Kirchheimer Umland

Rat pocht auf klare Regeln für den Hirsch

Sanierung Maximal 150 000 Euro stehen als Fördersumme für das Notzinger Arche-Gebäude zur Debatte. Der Gemeinderat will genau festlegen, wofür die Summe ausgegeben wird. Von Katja Eisenhardt

Unter die Lupe genommen haben Notzinger Räte jetzt das Hirsch-Gebäude im Ortskern, das saniert werden soll.Archiv-Foto: Jacques
Unter die Lupe genommen haben Notzinger Räte jetzt das Hirsch-Gebäude im Ortskern, das saniert werden soll.Archiv-Foto: Jacques

Für das Gebäude des ehemaligen Gasthauses Hirsch im Zentrum von Notzingen gibt es ein neues Nutzungskonzept. Es sieht die Wiederbelebung des Hirschsaals im Obergeschoss vor für private Feierlichkeiten oder Veranstaltungen mit oder ohne Catering. Im Erdgeschoss und Garten zum Backhaus hin soll ein sozialer Café-Mittagessen-Catering-Betrieb entstehen. Einen Interessenten für den Betrieb gibt es bereits. Dazu kommen die Förderprogramme der „Arche“, die am Morgen im Obergeschoss stattfinden sollen. Seit 2008 ist das Haus bereits im Besitz des Vereins „Arche“ für therapeutische Wohngemeinschaften.

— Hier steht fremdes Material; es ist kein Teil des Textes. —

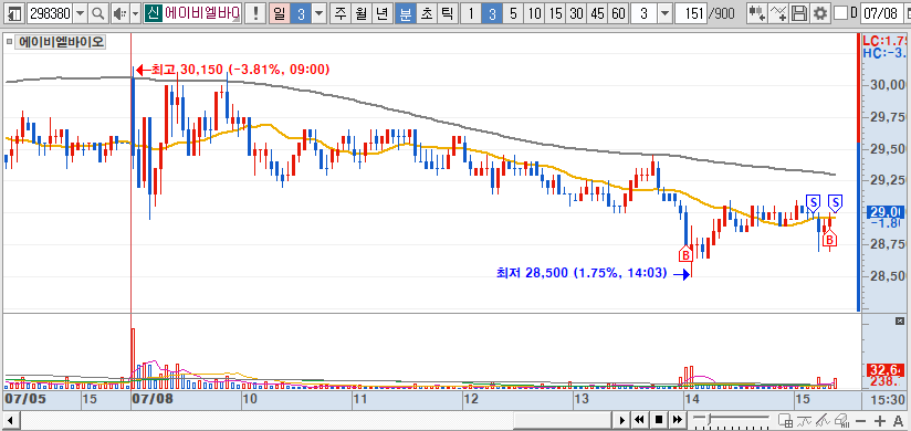 비만치료제 관련주들은 항상 관심을 줘야한다. 비실비실 대는 것 같지만 반등 관성이 좋음. 아래 지지선 눌림목에서 올커니! 하고 잘 잡았다! 매수를 했는데... 조금 뒤 개미털기에 당했다. 수수료 손절 후 자기 갈 길 잘 가더라.

In den Dachgeschossen wurden nach kostenintensiver Renovierung bereits zwei Wohngruppen für unbegleitete minderjährige Flüchtlinge eingerichtet. 16 Personen leben dort aktuell. Die Räume sind an die Stiftung Tragwerk vermietet, die Mitarbeiter kümmern sich vor Ort um die Jugendlichen.

Die Arche hofft im Zuge des Landessanierungsprogramms bei der Umsetzung des Konzepts auf finanzielle Hilfestellung seitens der Gemeinde. Die Bitte: ein „Erneuerungszuschuss“ in Höhe von maximal 150 000 Euro. Die Gemeinderäte zeigten sich offen, brauchen aber Bedenkzeit.

Die Mitglieder des Technikausschusses haben das alte Hirsch-Gebäude jetzt noch mal genau unter die Lupe genommen: „Die Bausubstanz haben wir erheblich besser vorgefunden, als vermutet“, berichteten Herbert Hiller (CDU) und Bürgermeister Sven Haumacher im Gemeinderat. Ihr Credo: Finanzielle Unterstützung ja, allerdings mit einem klaren Fingerzeig, wofür das Geld eingesetzt werden soll. Einigkeit herrscht darüber, dass die 150 000 Euro ausschließlich als Zuschuss für die energetische Sanierung der Außenfassade inklusive Fenster eingesetzt werden dürfen und eine öffentliche Toilette mit separatem Zugang eingebaut werden soll. In das geplante Café sollen die Gelder nicht fließen.

Vera Morlock-Gommel (UKW) hadert besonders mit der hohen Fördersumme und fragt sich: „Was kostet denn so eine Toilettenanlage?“

Das Fazit der Diskussionsrunde: Mehrheitlich hat der Gemeinderat dem Zuschuss von 150 000 Euro für die Außenfassade und die öffentliche Toilettenanlage zugestimmt. Die Verwaltung soll allerdings mit der Stadtentwicklung Stuttgart abklären, ob die öffentliche Toilette überhaupt bezuschussungsfähig ist. „Ich bin zuversichtlich, dass wir das hinbekommen“, zeigt sich Bürgermeister Sven Haumacher optimistisch gegenüber dem Gesamtvorhaben.